—The question here arises on appeal from an *322order made at special term, denying a motion, on the part of the defendant, that Peter B. Amory be joined as a party-plaintiff in this action as of the time he became interested therein, and that the judgment and proceedings be so amended. It appears that the case has been tried, and judgment rendered for the plaintiff, and that an appeal has been taken, which is not yet determined ; and a further appeal or a new trial is contemplated by the defendant, if the result of the present appeal is adverse to him.
The plaintiff assigned his interest in the demand in suit to Amory, who has made the advances to carry on the action since a trial was had before the referee. As the plaintiff retains a small interest only, and is now insolvent, the defendant desires that Amory, the responsible party, for whom the action is now prosecuted, shall be made a party-plaintiff, not only for the purpose of obtaining his liability for costs, but also for restitution in case the judgment shall be reversed, the said Amory having collected a large part of the judgment since its recovery.
The provisions of the Code relied on to sustain the motion are sections 121 and 173. Section 121 authorizes the action to be continued in the name of the original party, in case of a transfer of interest by means other than death, marriage, or disability. It provides also for allowing the person to whom the transfer is made to be substituted in the action. The latter .clause relates to the particular subject of introducing new parties to an action, by reason of an assignment of the interest of an original party. The language of this paragraph is poor authority for compelling a person to whom an interest has been transferred, pending an action, to become a party thereto.
In my opinion, the application is to be allowed in the discretion of the court, when the person to whom the transfer has been made demands it, and on the application of such party only. I am unable to perceive that authority to permit or allow an act to be done, can be construed as authority to compel it, against the wish of the person in whose favor the provision is made.
I have not overlooked the case of Shearman a. Coman (22 How. Pr., 517), decided at special term, but with great respect for the learned justice who made that decision, I am unable to concur in his views.

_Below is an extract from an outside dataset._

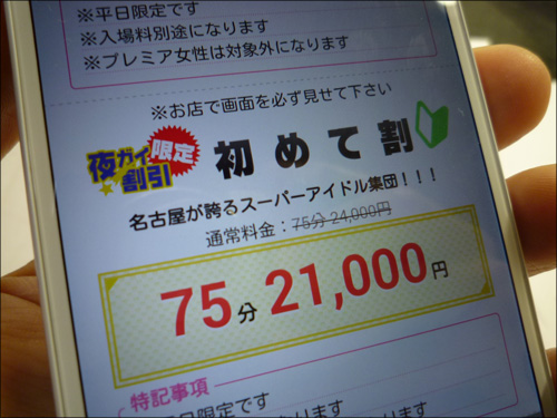 選んだコースは75分で、通常なら2万4000円+入場料2000円の計2万6000円かかるのだが、彼女の写メ日記の中で見つけた割引サービスを使用して2万3000円で遊べることに。写メ日記もチェックしてみるものである。

. Section 121 has superseded the practice of the late court of *323chancery in respect to the manner of conducting an action where a change or transfer of interest has occurred since the commencement of the action. As to the former practice, see Sedgwick a. Cleveland (7 Paige, 287).
Section 331 affords the defendant as effectual indemnity as to the costs, as he could have by substituting the assignee of the demand as the plaintiff herein. As to the liability of Amory for restitution in the event of the final success of the defendant, his remedy will not be improved, as the order cannot create a retroactive liability in this respect.
Section 173 relates to amendments. The court is thereby authorized to amend any pleading, process, or proceeding, by adding or striking out the name of a party. An amendment signifies the correction of something which was previously defective. It is not the office of an amendment to introduce new facts or parties, arising or becoming interested after the commencement of the suit. A supplemental complaint or answer is the proper practice in such cases.
The order appealed from should be affirmed, with costs.
Sutherland, J.I think the judge at chambers had power to grant the defendant’s motion; and as he denied it solely on the ground of want of power, I think the order should be reversed, irrespective of the question whether he ought to have granted the motion.